You must choose what feels right and then be open to changing your opinion if data presents itself. Sid mentioned the pantry,  I think of it as a Smorgasbord where we can choose what to put on our plate."

"You're right, you like anchovies, I don't," said Harvey. You take them. I'll leave them."

"Wise choice."

"But," added Sid, “I don't want anyone to give me smelt under the guise that it's an anchovy. I want true anchovies."

"I guess it's for us to dig through the pile and see what rings true.”

"That is all well and good, Sal," but I want help finding the truth," Sally sighs.

"Well, we can't find it all in one day. Let's meet next week, same time, same station."

"Here, here."

Sid throws back the remainder of his wine and says, "Did you hear the one about two old couples walking down the street? The two ladies are in front with their husbands trailing behind them. "So," says one man to the other, "what have you done this week?
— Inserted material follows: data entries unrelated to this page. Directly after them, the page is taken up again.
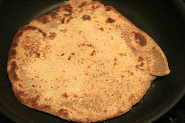 Deretter ble deigen delt i 4 biter som ble kjevlet ut til å passe en liten stekepanne og hvert brød ble stekt i litt olje. Brødene bobler litt opp og da er det på tide å snu dem. De skal ha brune flekker på begge sider. Legg dem oppå hverandre med et tørkehåndkle over så de holder seg myke. Hvis du ønsker brød som er sprøere til å spise ved siden av en rett, deler du deigen i flere biter og kjevler brødene tynnere ut. De vil da bli sprøere og egner seg ikke til wraps osv.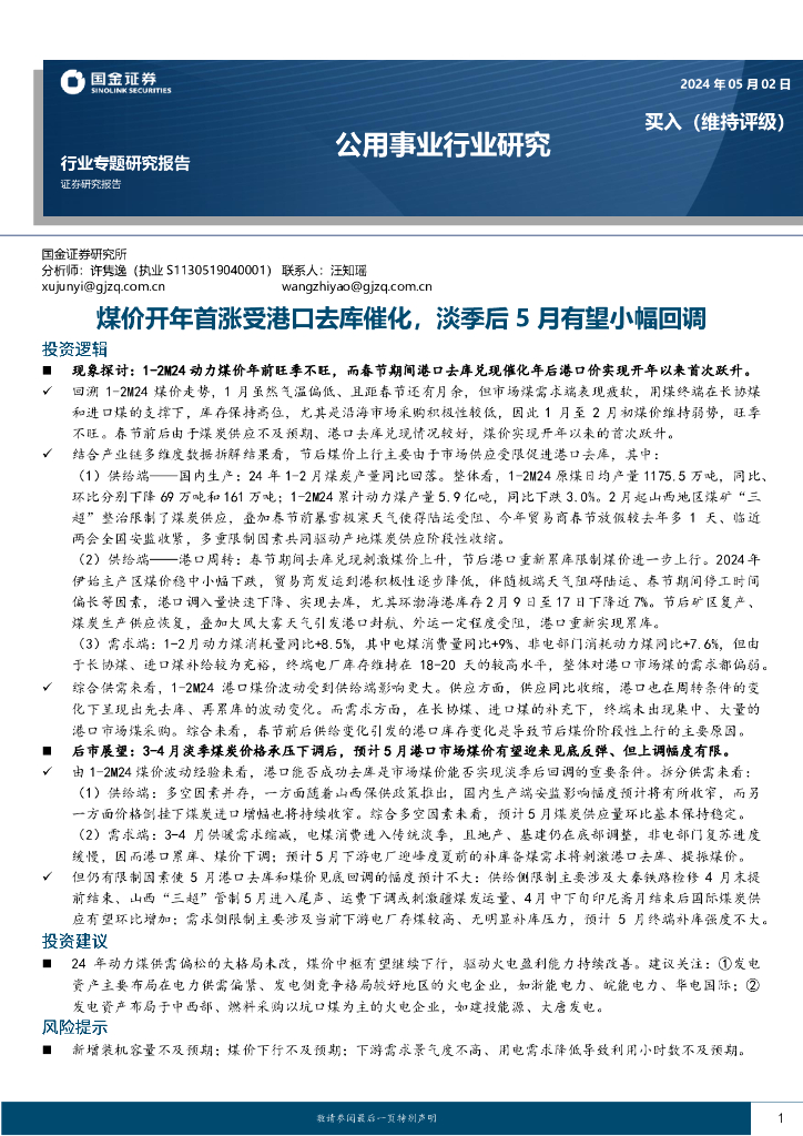 国金证券:公用事业行业研究:煤价开年首涨受港口去库催化,淡季后5月有望小幅回调.pdf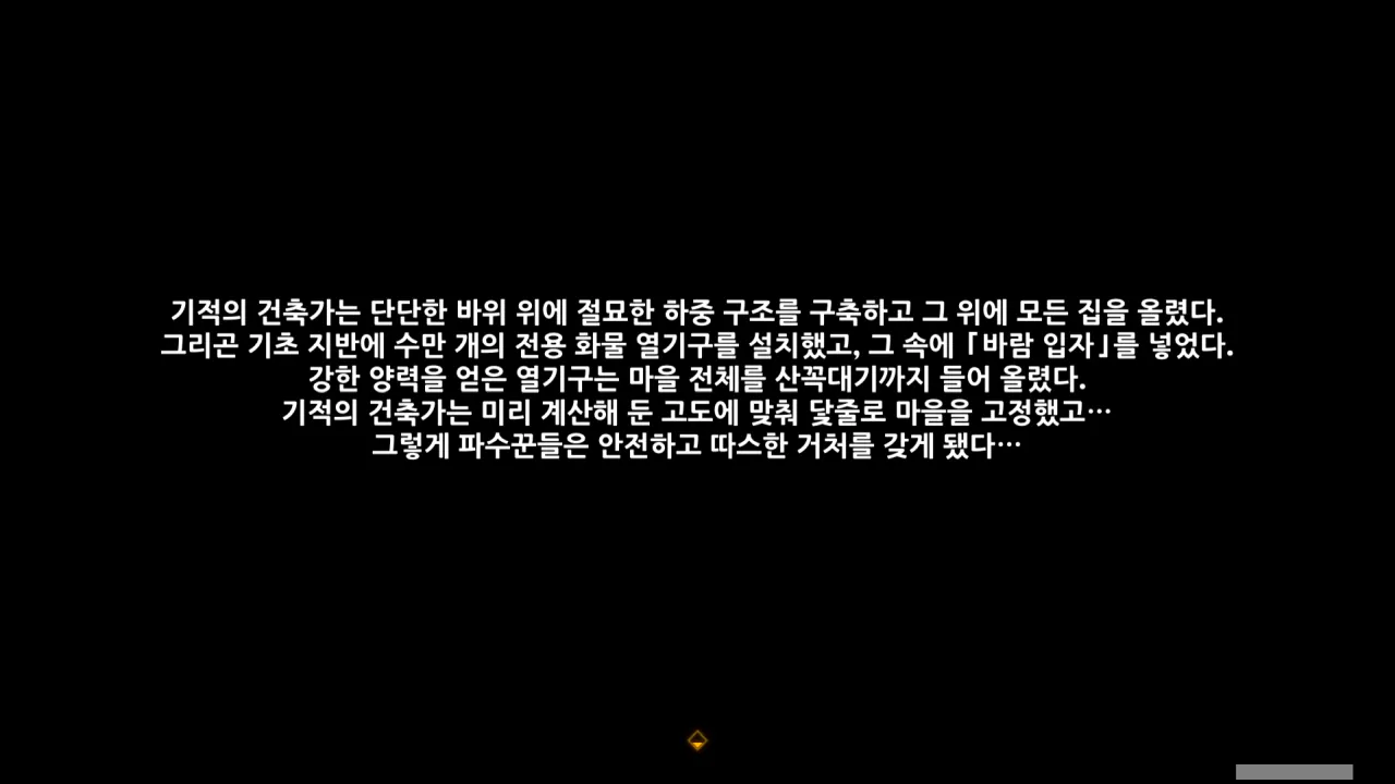 마을이 계속 올라가는 것을 보고 장로는 '설마 건축가님은 우리가 더 높은 곳에 사는 것이 어울린다고 생각하는 것일까'라고 생각한 모양. ㅋㅋㅋ

"We went to a new restaurant. The food was great, the prices good."

"What was the name of the restaurant?"

It was, uh, oh, like a flower."

"A rose?"

"Oh, Rose," he calls to his wife, "What was the name of that restaurant we went to last night?"

 

 

P.S. Listen to Dolly Parton sing Let It Be. It will move you to new realms. Paul McCartney is on the piano, and Ringo Starr on drums.